= Finnish Institute of Occupational Health =

The Finnish Institute of Occupational Health (FIOH, in Finnish Työterveyslaitos) is an organization that promotes the positive aspects of working life and helps to minimise the drawbacks. FIOH does so by studying how health, well-being and safety at work can be best promoted such as having a healthy organisation or a sound safety culture at work. FIOH also studies which risks in working life can cause adverse health effects such as exposure to chemicals at work and which interventions help best to minimise these risks such as ventilation or personal protective equipment.

It is a body governed by public law and operates under the administrative sector of the Finnish Ministry of Social Affairs and Health. Its operations are based on multidisciplinary research and development.
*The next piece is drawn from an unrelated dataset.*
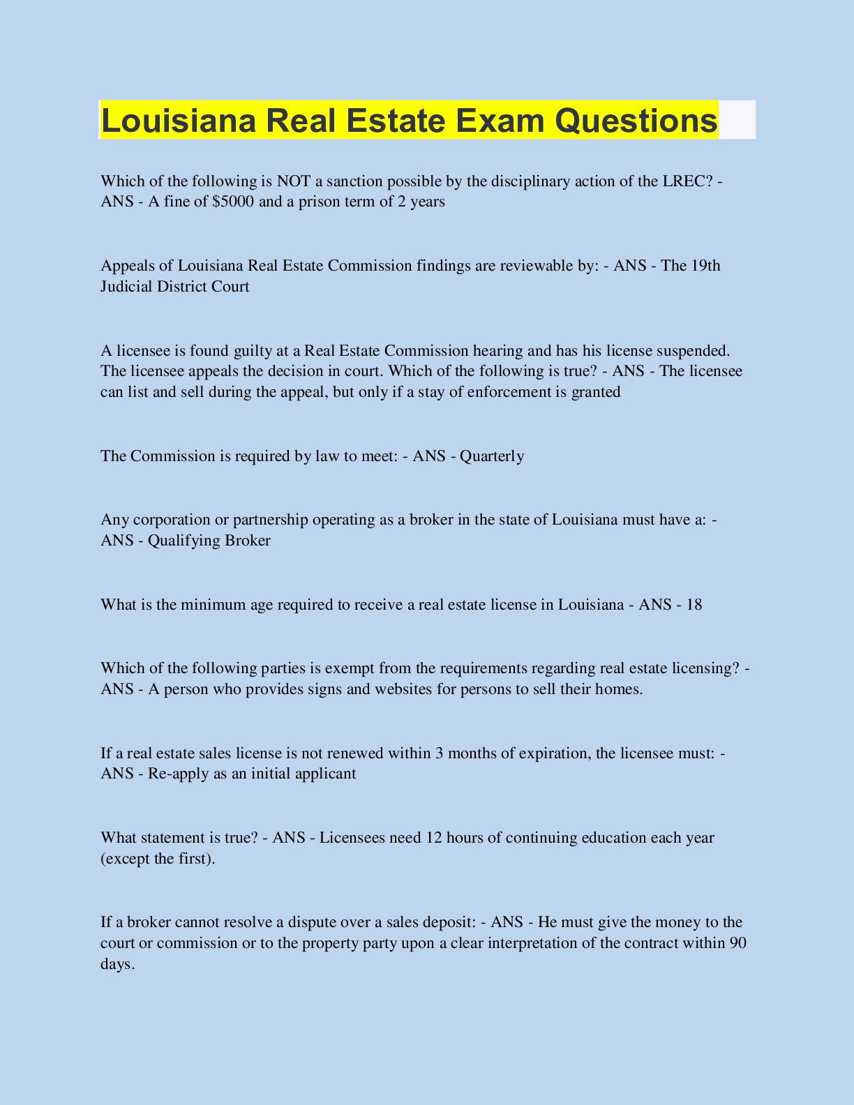 Real Estate > QUESTIONS & ANSWERS > Louisiana Real Estate Exam Questions (All)

Its research results are applied to workplace practices via consultancy services, by training and by advising policy makers. FIOH’s objective is for work to promote, rather than endanger, health and functional capacity.

About 55% of FIOH’s budget is state-funded, and 45% is self-generated through, for example, EU research funding and the sales of specialist advisory services.

== Operations ==
FIOH has regional offices in Helsinki, Kuopio, Oulu, Tampere and Turku. Headquarters are located in Helsinki. The total number of employees amount to approximately 500. FIOH was founded in 1945. It closely collaborates with other major stakeholders in the field of occupational health such as the World Health Organization (WHO) and the International Labour Office (ILO).
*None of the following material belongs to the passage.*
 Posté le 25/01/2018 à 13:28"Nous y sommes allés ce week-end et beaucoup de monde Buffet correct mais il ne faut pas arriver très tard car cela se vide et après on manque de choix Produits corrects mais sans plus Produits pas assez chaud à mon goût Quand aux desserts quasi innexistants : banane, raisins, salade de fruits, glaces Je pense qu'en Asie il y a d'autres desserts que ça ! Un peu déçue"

FIOH hosted the Cochrane Work Review Group in Kuopio until 21 May 2019. The group is part of the worldwide not-for-profit research organisation Cochrane and moved to the University Medical Center in Amsterdam the Netherlands. The reasons that FIOH stopped the funding for the Cochrane Work Review Group remained unclear but it was most probably that the then FIOH management found the results of the systematic reviews inconvenient because not always supportive of the policy of the Ministry of Social Affairs and Health which funds FIOH.

== History ==
FIOH’s predecessor was the department of occupational diseases of the Helsinki General Hospital, which was based on the initiative of the National Board of Health and founded on 4.4.1945. This department specialized in the research and treatment of occupational diseases. The Occupational Health Foundation was founded to fund this field, the rules of which were ratified on 26.6.1945. This private foundation in turn established the Finnish Institute of Occupational Health, which began operations on 1.1.1950, financially supported and aided by the state. FIOH was nationalized in a contract between the State and the Foundation and became an independent body governed by public law operating under the Ministry of Social Affairs and Health on 1.7.1978.
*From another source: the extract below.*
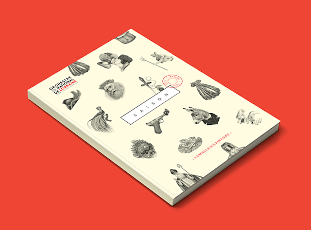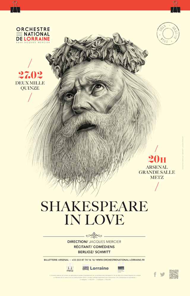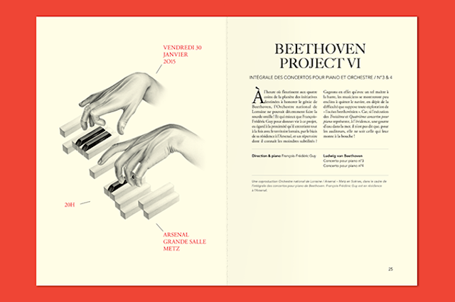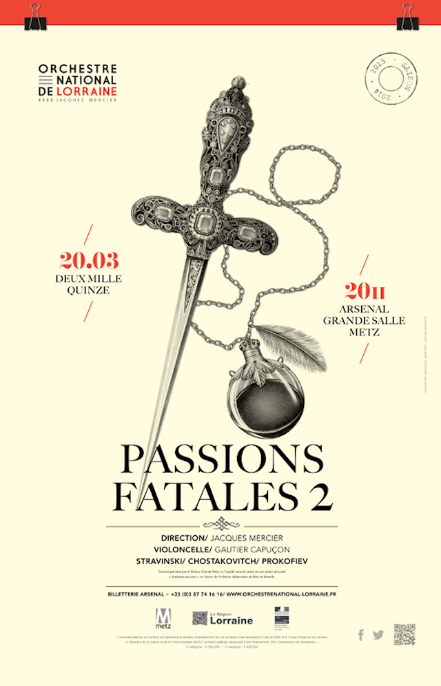 Belle campagne pour l’Orchestre National de Lorraine. L’ensemble de la programmation est illustré par des images symboliques – au crayon sur papier Canson : un couple russe qui s’embrasse pour Bons Baisers de Russie, un masque maléfique pour Malédiction,.. Et le tout est réuni dans un programme 2014/15 qui n’éveille pas que la vue… mais donne réellement envie de stimuler notre ouïe. Et ce grâce au talent des illustrateurs Violaine et Jérémy.

FIOH’s directors: Leo Noro, 1950–1970 and Martti J. Karvonen, 1970–1974, followed by director generals Jorma Rantanen, 1974–2003 and Harri Vainio, 2003-2015. Antti Koivula is the Director General since August 2015.

== Partnerships ==
FIOH is an active member of the University of the Arctic. UArctic is an international cooperative network based in the Circumpolar Arctic region, consisting of more than 200 universities, colleges, and other organizations with an interest in promoting education and research in the Arctic region.